Economie

Tunisie – Conjointure : maîtrise de l’inflation et du soutien au pouvoir d’achat

    Après une période de hausse des prix, la Tunisie connaît un net ralentissement de l’inflation, porté par une conjoncture économique plus favorable et par les effets différés de la politique monétaire et budgétaire.

    Les derniers mois marquent un tournant dans le cycle inflationniste qui avait impacté l’économie nationale durant une période relativement étendue. La décrue observée de l’indice des prix à la consommation est remarquablement sensible, selon les chiffres récents de l’Institut national de la statistique (INS) et traduit clairement la conjonction de facteurs externes et internes, dont les effets conjugués ont permis un rééquilibrage progressif des prix.

    Facteurs de stabilité

    Au plan international, le reflux des prix des matières premières, en particulier ceux des produits énergétiques et des denrées alimentaires, a joué un rôle modérateur important. On note, à cet effet, en particulier que les prix mondiaux des produits de base et de l’énergie, en baisse soutenue ont contribué à détendre les coûts de production.

    Sur le marché domestique, les prix des produits alimentaires à prix volatils – longtemps moteur de l’inflation – ont enregistré un certain ralentissement du rythme de la progression de leur prix après des hausses spectaculaires. Cette baisse se reflète dans une contribution négative à l’inflation globale. L’amélioration des conditions climatiques a également favorisé la reprise de certaines productions agricoles ce qui a permis d’atténuer les pressions saisonnières sur les marchés.

    La baisse de l’inflation est également attribuable aux effets décalés du desserrement monétaire qui a visé à contenir les tensions inflationnistes. Le desserrement progressif du taux directeur a limité les dynamiques de crédit et encouragé la stabilisation des prix à moyen terme.

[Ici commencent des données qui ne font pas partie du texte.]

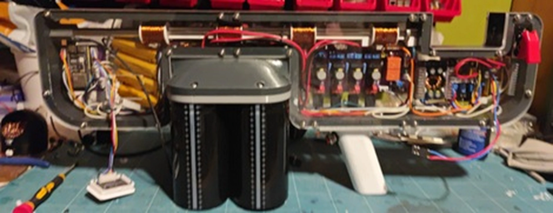Projekt elektromagnetický urychlovač se zaměřuje na návrh a realizaci zařízení, které pomocí elektromagnetické síly urychluje kovový objekt. Princip je založen na cívce napájené krátkým silnoproudým pulzem z kondenzátorů, která vytváří magnetické pole urychlující ocelový váleček. Hlavním cílem je vytvořit funkční přenosný prototyp s maximální energií střely přibližně 16 J a napájecím napětím do 120 V. Zařízení je navrženo především jako názorná pomůcka pro výuku fyziky a elektrotechniky, kde může demonstrovat jevy jako elektromagnetická indukce nebo spínání silnoproudých pulzů. Součástí projektu je také návrh bezpečnostních prvků, například automatického vybití kondenzátorů po vypnutí zařízení.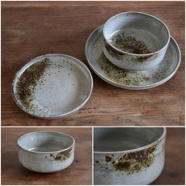 Et un service en grès fait à la main, je ne vous montre que le bol et deux assiettes (le service comptait 6 bols et les assiettes par 12), j'ai aussi un gros plat pour le four et un plat à cake rectangle immense. Je ne voulais que les bols et les assiettes plus grandes, mais même si je prenais juste la moitié le tarif était le même, je n'ai pas laissé grand chose, juste une cruche, un poêlon et un plat carré fendu. C'est du vrai travail artisanal comme je l'aime avec ses défauts et irrégularités entre pièces. Je vois bien des soupes au potimarron dans ces bols gris non ? Parce que du potimarron on va en manger pas mal cet hiver ... vous verrez bientôt pourquoi :)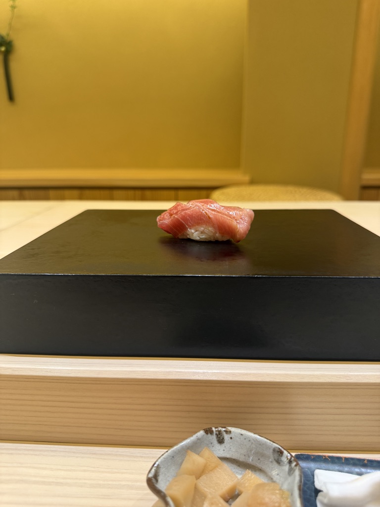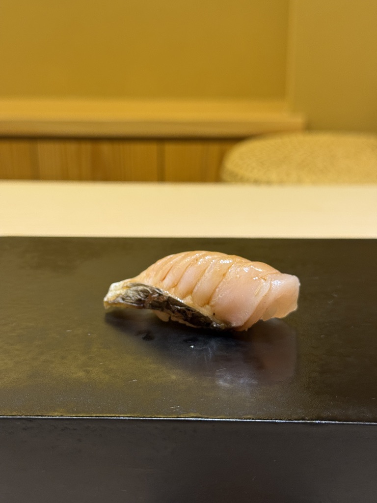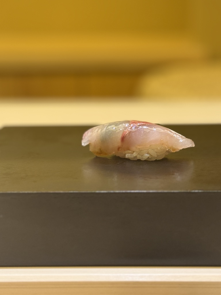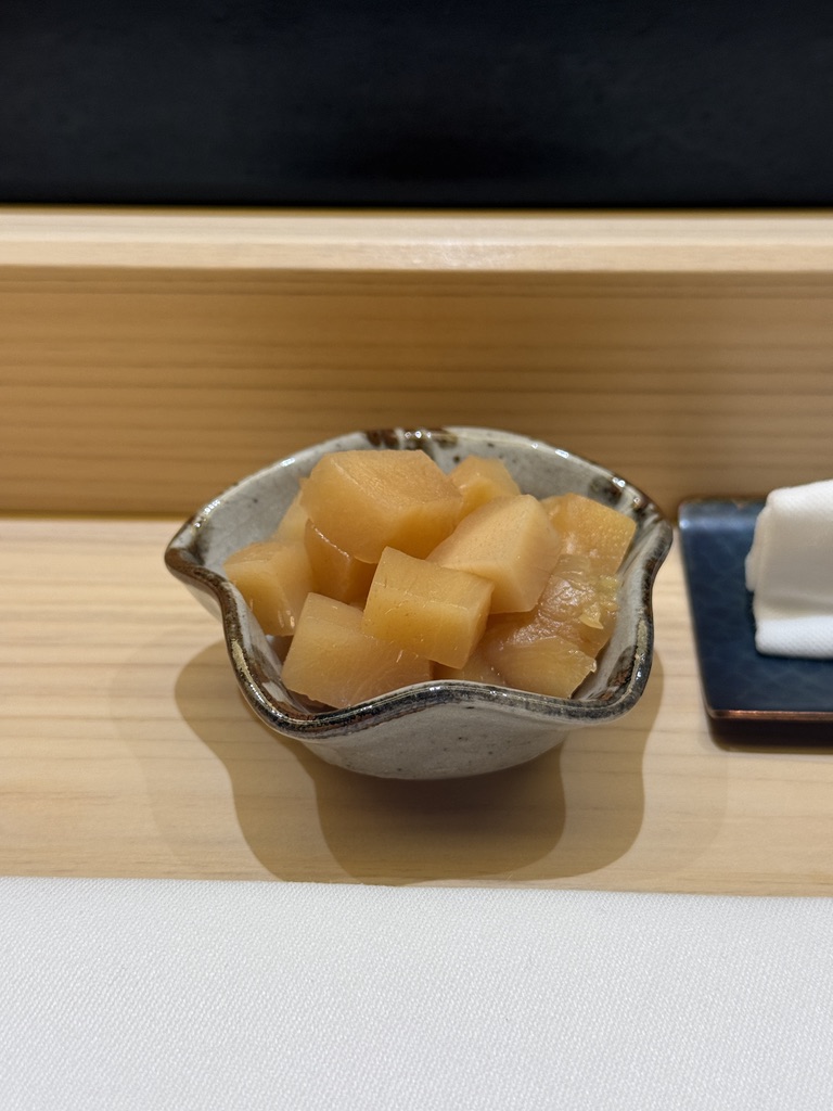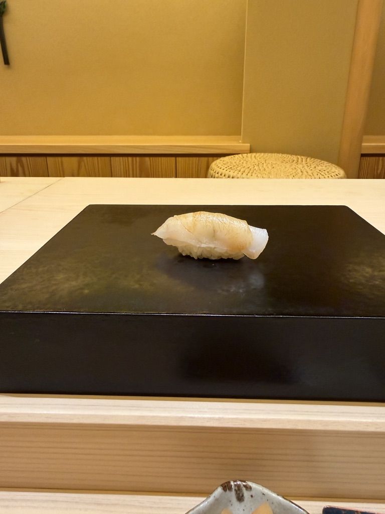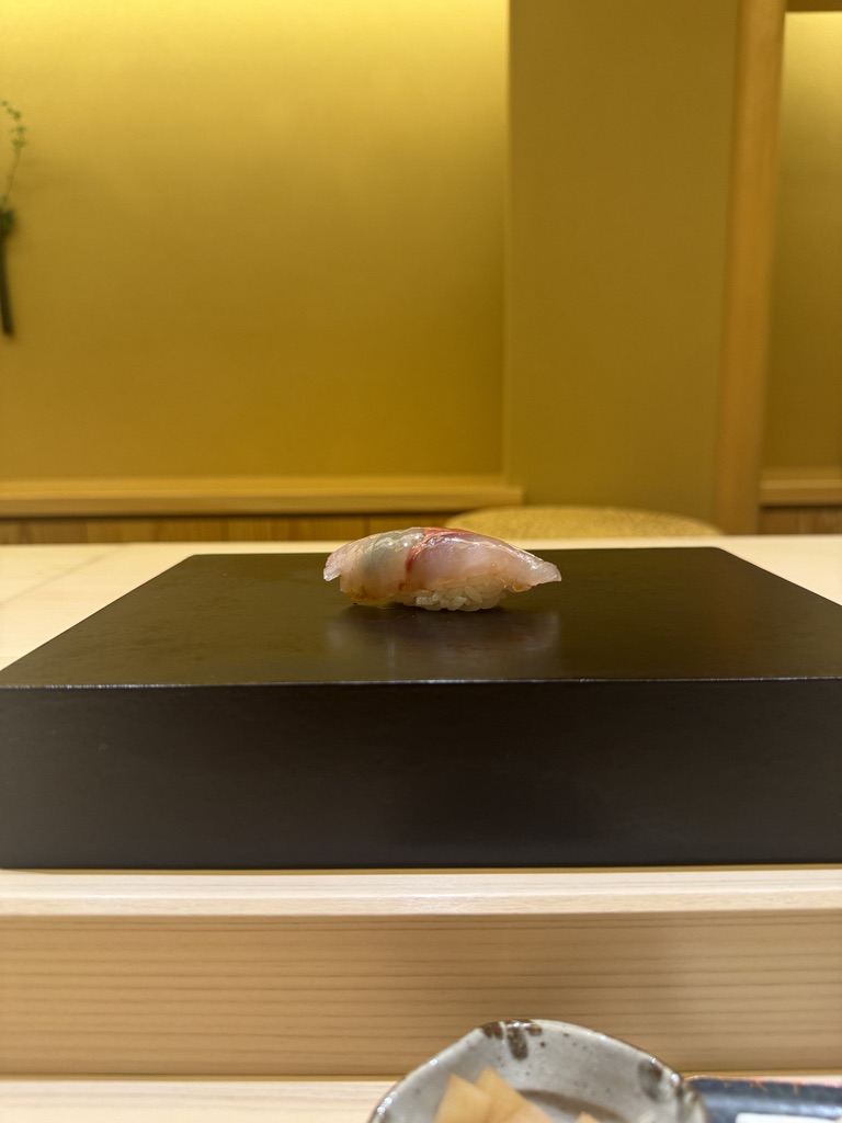 早々にガリも来ました。つまみと握りが交互に出てくるスタイルな模様。高級なお寿司屋さんで行った事ある中では初めてかも?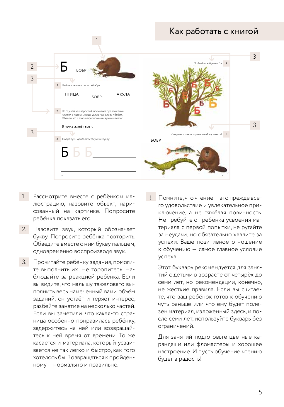 В букваре большое количество практических заданий, составленных с учетом особенностей детской психологии. С их помощью вы эффективно закрепите пройденный материал и превратите обучение чтению в интересную игру, попутно расширяя познания ребенка и об окружающем мире.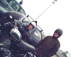 Kävimme koko poppoo sunnuntaiostoksilla Belle Epine -ostoskeskuksessa ; Kevin, pojat ja minä Twingolla ja Jean Davidin kanssa sivuvaunulla. Alla kuva Wallace & Gromit -kohtauksesta sivuvaunuineen !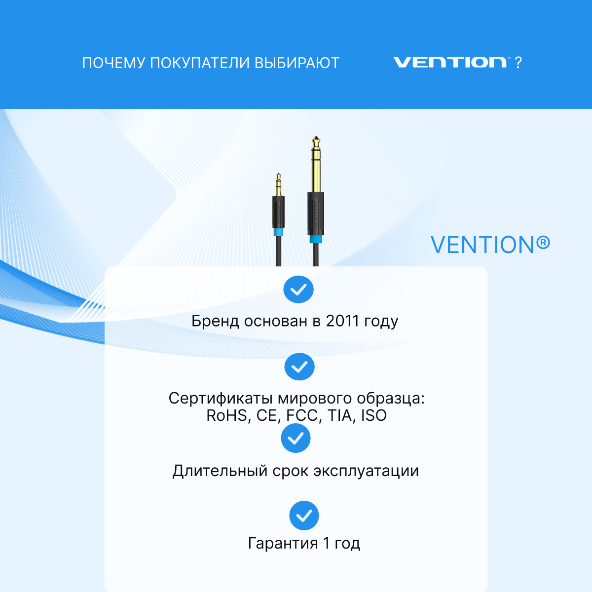 Aux кабель Jack-Jack 6.35 (папа) Моно 2 метра Vention переходник для подключения гарнитуры и акустических систем к ПК, смартфону, машине, арт. BAABH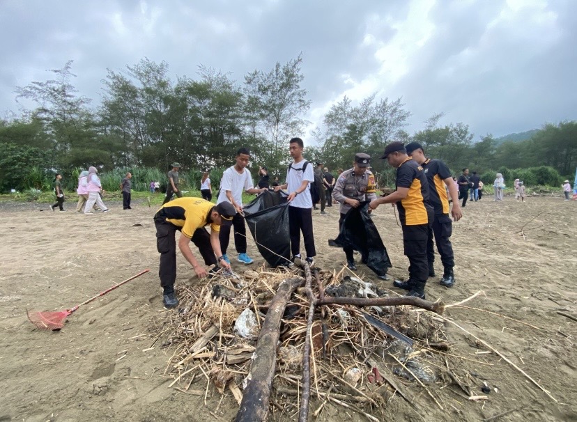 Tidak hanya melakukan penanaman cemara udang dan pandan laut, kegiatan tersebut juga disertai dengan aksi bersih pantai guna membersihkan sampah yang mencemari area pesisir.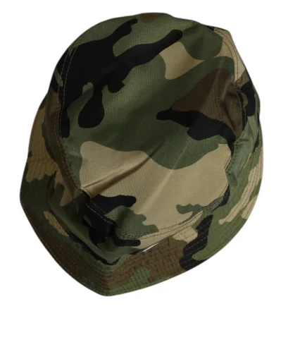 Green Camouflage Polyamide Logo Bucket Cap Hat

    Maintenir la dynamique de ralentissement

    Dans ce contexte, l’INS a annoncé que l’inflation en Tunisie s’est établie à 4,8% en janvier 2026, marquant une légère amélioration par rapport aux 4,9% enregistrés le mois précédent. Cette évolution modeste témoigne d’une tendance au ralentissement des prix qui s’inscrit dans la continuité de 2025, année où le taux annuel était redescendu à 5,3% après avoir atteint 7% en 2024.

    Toutefois, le secteur alimentaire reste la principale source de tension avec une hausse annuelle de 5,9%. Les fruits frais ont évolué de 17,8%, l’agneau de 16,1%, tandis que le bœuf et le poisson affichent également des progressions supérieures à 10%.

    Dans ce tableau, une note d’espoir apparaît néanmoins. Les huiles alimentaires ont enregistré une chute de 12%, permettant d’atténuer l’impact des hausses sur les autres denrées. Cette baisse significative offre un certain soulagement aux consommateurs.

    Au-delà de l’alimentation, d’autres secteurs affichent des évolutions contrastées. L’habillement et les chaussures ont connu une augmentation de 9,1% sur l’année. Les services de restauration et d’hôtellerie, après avoir enregistré des hausses importantes en 2025, montrent des signes de modération, ralentissant leur progression au cours des derniers mois.

    Les autorités tunisiennes affichent leur volonté de maintenir cette dynamique de ralentissement en 2026. Le gouvernement table sur une inflation stable autour de 5,3% pour l’ensemble de l’année, misant sur le soutien à la production nationale et l’amélioration des circuits de distribution. La numérisation des systèmes de suivi fait partie des outils envisagés pour mieux maîtriser l’évolution des prix.